Topper, Turnabout, TCM, and ... Thorne Smith

"Mom," I said when I was 10 or thereabouts, "what's 'ribald' mean?" Because I had just pulled from the bookcase a Pocket Book edition of Topper - and the cover told me it was "a ribald adventure" by Thorne Smith. However she explained it (and I don't recall: ah, the challenges of parenthood), I read the book and was delighted - and went in pursuit of other novels by Smith. We had a few: Topper Takes a Trip, Turnabout, The Stray Lamb, and Rain in the Doorway, as I recall. Eventually, thanks to perseverance and used book stores, I added to the collection: The Glorious Pool, The Bishop's Jaegers, Did She Fall?, The Passionate Witch, Skin and Bones, and The Night Life of the Gods. They were deliciously "naughty" (and I didn't understand all the implications of all the "naughtiness," I think it only fair to point out here), and at some point I even made a list of how many times I'd read each one so's not to favor one over another in the course of many re-readings. Two of the novels (The Bishop's Jaegers and Did She Fall?) were not fantasies. Each of the rest had a supernatural gimmick. Topper involved ghosts. The Stray Lamb involved being turned into animals. The Night Life of the Gods featured an invention that turned people to stone and brought statues to life. And so on.

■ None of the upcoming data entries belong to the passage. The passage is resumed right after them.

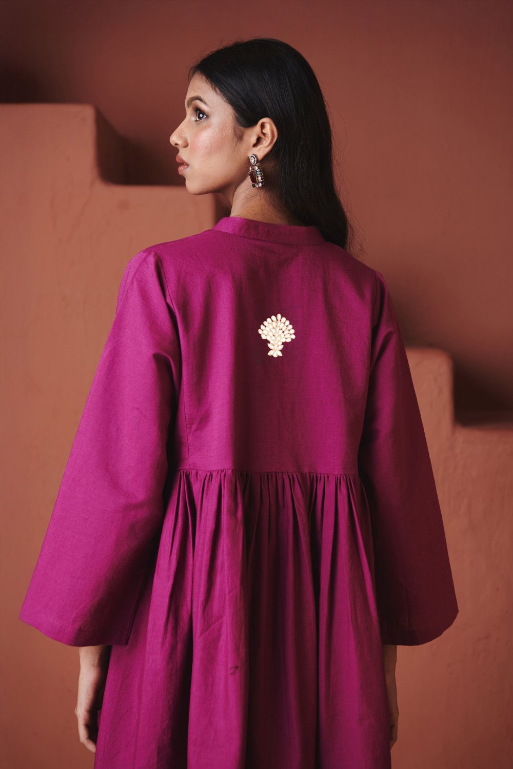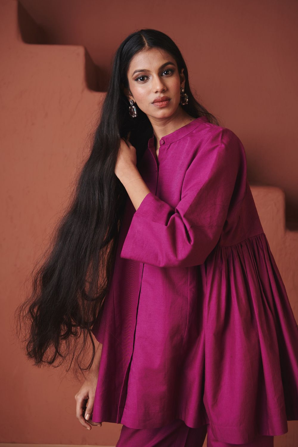 A co-linen gathered shirt set featuring a relaxed button-down top with soft gathers falling from the waistline for added volume and ease. The back is detailed with a single embroidered motif, lending a festive accent to its otherwise minimal structure. Paired with straight pants, it balances comfort and refinement in equal measure.
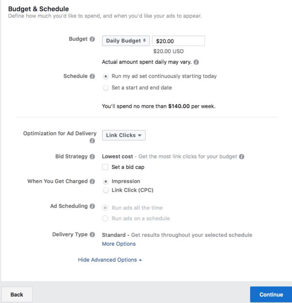- Lifetime Budget – “ცხოვრების”, ე.წ. ხანგრძლივი ბიუჯეტი, რომლის დროსაც არ ხართ შეზღუდული 24 საათით და შეგიძლიათ განსაზღვროთ როდის დაიწყება და დამთავრდება რეკლამა.
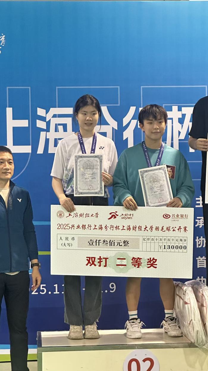 我校爱恩学院陈祖琦、经管学院胡诺诚混合双打组合在王锋老师的临场战术调整与技术指导下一路突围:先后战胜上海视觉艺术学院、上海科技大学、上海财经大学、上海立信会计金融学院等校的实力选手,成功晋级决赛;决赛中,二人与华东师范大学日本籍选手高桥太阳及搭档宋梦琪展开多轮胶着对战,最终以微弱差距惜败,斩获混双项目亚军。
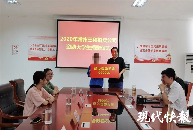 9月2日下午,來自常州的江蘇宏航建設(shè)發(fā)展有限公司和常州三和拍賣公司兩家公司負(fù)責(zé)人曹電成和胡少岳來到灌南縣湯溝鎮(zhèn),參加向貧困大學(xué)生捐助學(xué)費(fèi)的活動(dòng),現(xiàn)場,兩位愛心人士向7名受助學(xué)生每人送上6600元新學(xué)期的學(xué)費(fèi),還有4名已經(jīng)開學(xué)上學(xué)的學(xué)生沒能到現(xiàn)場參加活動(dòng),學(xué)費(fèi)也會(huì)一分不少的交到他們或者親屬手中。
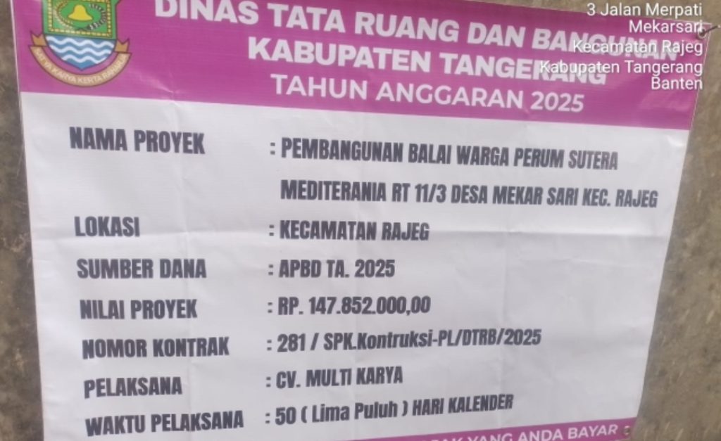 BBS.COM | TANGERANG— Proyek pembangunan Balai Warga Perum Sutera Mediterania RT/RW 011/03, Desa Mekarsari, Kecamatan Rajeg. Yang dibiayai dari APBD Kabupaten Tangerang Tahun 2025 menuai sorotan dari masyarakat. Dan lembaga swadaya masyarakat (LSM).

So when Glen Weldon on National Public Radio's Pop Culture Happy Hour discussed the upcoming film The Change-Up, he went on to suggest that "body-swapping comedies" were a genre and rattled off references to a number of films in that genre without even going back to Disney's two versions of Freaky Friday. And that discussion suddenly reminded me of Turnabout - and made me wonder whether Smith had, indeed, created a genre in 1931 (with a sort of subgenre in The Stray Lamb in 1929 - with who knows how many resultant Disney projects in that grouping). I think Smith did - and that, in turn, led me to grab a copy of Topper again to revisit his fiction to see whether I liked his writing as much now as I had decades ago. I did. At random from the set-up of Topper:

Mr. Topper and his neighbors were quietly proud of his street, and had born their assessments as a tolerant father bears the extras of an extravagant son at college. One could bring one's friends from the city to this street and let it speak for itself, which one seldom did. Sewerage, real estate and the cost of building were subjects far too fascinating to be left to the imagination, so the visitors from the city heard all about these things, and were not amused.

At any rate, my guess is that few today have read many of Smith's works - and the film adaptations some of them achieved hardly conveyed all that could have been translated from his novels. But, on the trail of the Turnabout genre, I discovered that January is apparently Turner Classic Movies' month to celebrate Thorne Smith movies (or, as Peter Sanderson commented, maybe it's just that TCM is paying tribute to Hal Roach). In any case, I've had that channel tuned so as to watch (January 23) I Married a Witch (based, albeit with changed ending, on The Passionate Witch), (January 25) Topper, and (January 26) Turnabout, Topper Takes a Trip, and Topper Returns. And, with Turnabout, I may be watching the beginning of a genre.

1 comments:

MaleKim January 26, 2011 at 5:36 AM  

First, I agree with what you said, Maggie, about Thorne Smith. I wish his works were on audio, which I can handle easier than reading these days. But I did a search recently on iTunes, and all I got in return was "Topper." (And, if you do a search on eBay of the author, you'll mostly get results for Courtney Thorne-Smith.) Also, I have to mention that Disney has actually done THREE versions of "Freaky Friday." There was a made-for-TV version that starred Shelley Long as the mother.